Hosted by FCC Chairman Julius Genachowski and Secretary of Education Arne Duncan, the meeting fleshed out to transition all U.S. K-12 schools to a fully digital interactive learning environment within the next five years.
Attendees included representatives from tech heavyweights Apple, Samsung, Intel and Kno; publishers Houghton Mifflin Harcourt, McGraw-Hill, News Corp. and Pearson; telecoms Sprint and T-Mobile; and governmental bodies the LEAD Commission and the Idaho Department of Education, among others.
Chairman Genachowski and Secreatary Duncan issued the group a challenge to develop a low-cost, high quality solution for interactive digital textbooks consisting of device, content, connectivity, and technical support for use in America's classrooms.
According to an FCC-evaluated Project RED study, schools can save up to $250 per student per year if a digital ecosystem is implemented over the traditional textbook-and-paper used in classrooms today. Besides the initial cost savings, the prospect of upgrading to more current media in the future would be substantially less expensive than the current model which sees $7 billion spent in new textbooks each year. Digital textbooks would also enable a more uniform learning experience as new content can be pushed out nationwide at regular intervals.
A digital learning environment can reduce the amount of time it takes a student to learn a topic by up to 80 percent, said the Department of Education and a recent studies by the National Training and Simulation Association. A separate PBS study found that 93 percent of teachers believe that interactive whiteboards are positive learning tools, with 81 percent feeling the same about tablets.
iBooks textbooks are already available on Apple's iPad. | Source: Apple
While technology in the classroom has been found to be beneficial in the classroom, getting a new ecosystem up and running will take some time. To that end, the Leading Education by Advancing Digital (LEAD) Commission was established earlier in March to facilitate the rapid adoption of new media content in the education sector.
In January, the "Digital Textbook Playbook" was announced to help teachers bring technology to the classroom by taking down the "major barriers to the adoption of digital textbooks, including the challenge of connectivity, both at school, in the community, and at home; the challenge of device procurement; and the challenge of making the transition from paper to digital textbooks."
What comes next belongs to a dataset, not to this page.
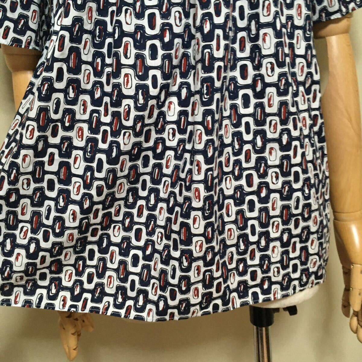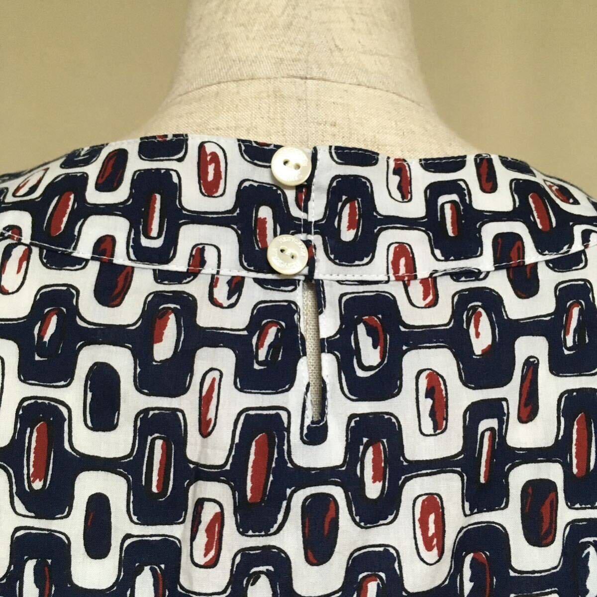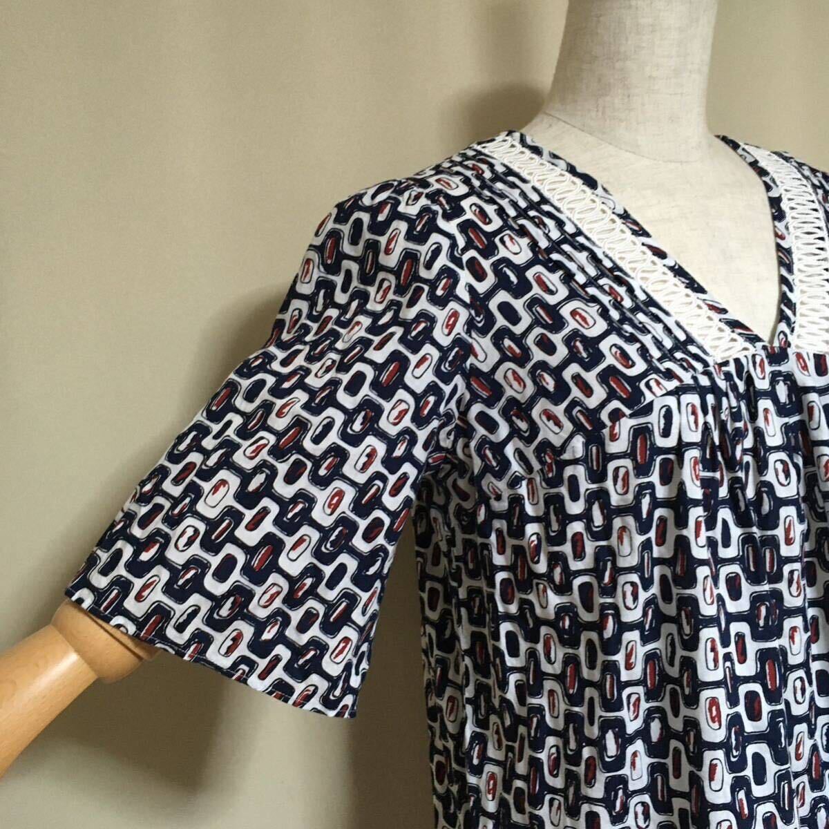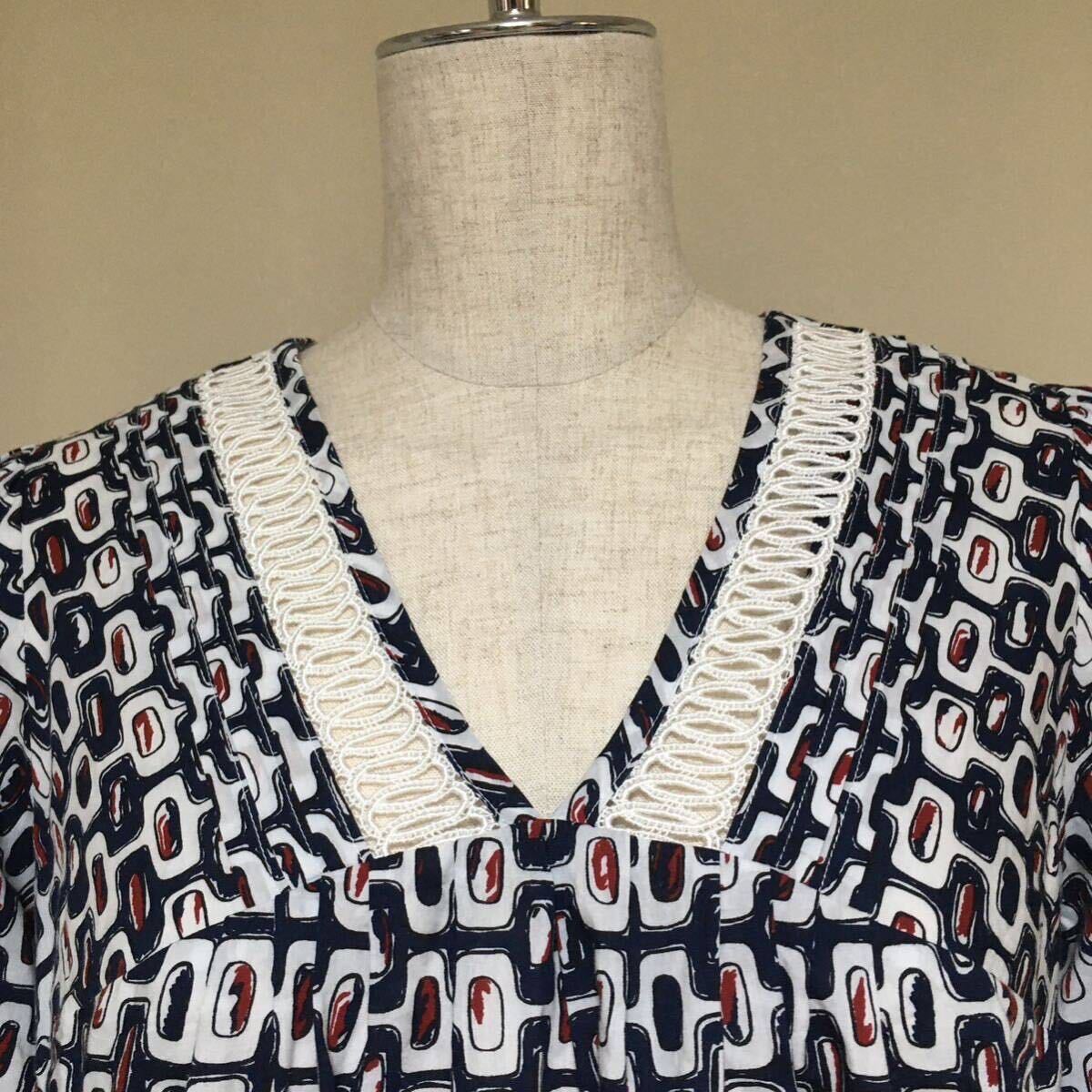【美品】NEWYORKER ニューヨーカー 洗える レース Vネック 幾何学模様 半袖ブラウス 9号/Mサイズ相当 ネイビー レディース トップス

The Digital Textbook Playbook offers an outline of new media for the classroom. | Source: FCC
Apple has always been active in the education market, going as far as releasing classroom-specific computer models like the eMac and offering student and teacher product discounts. The company's latest education initiative, iBooks textbooks, was announced in January and could be a strong contender for the FCC and DOE plan. Of the major publishers at Thursday's discussion, three already offer content to through the iBooks store.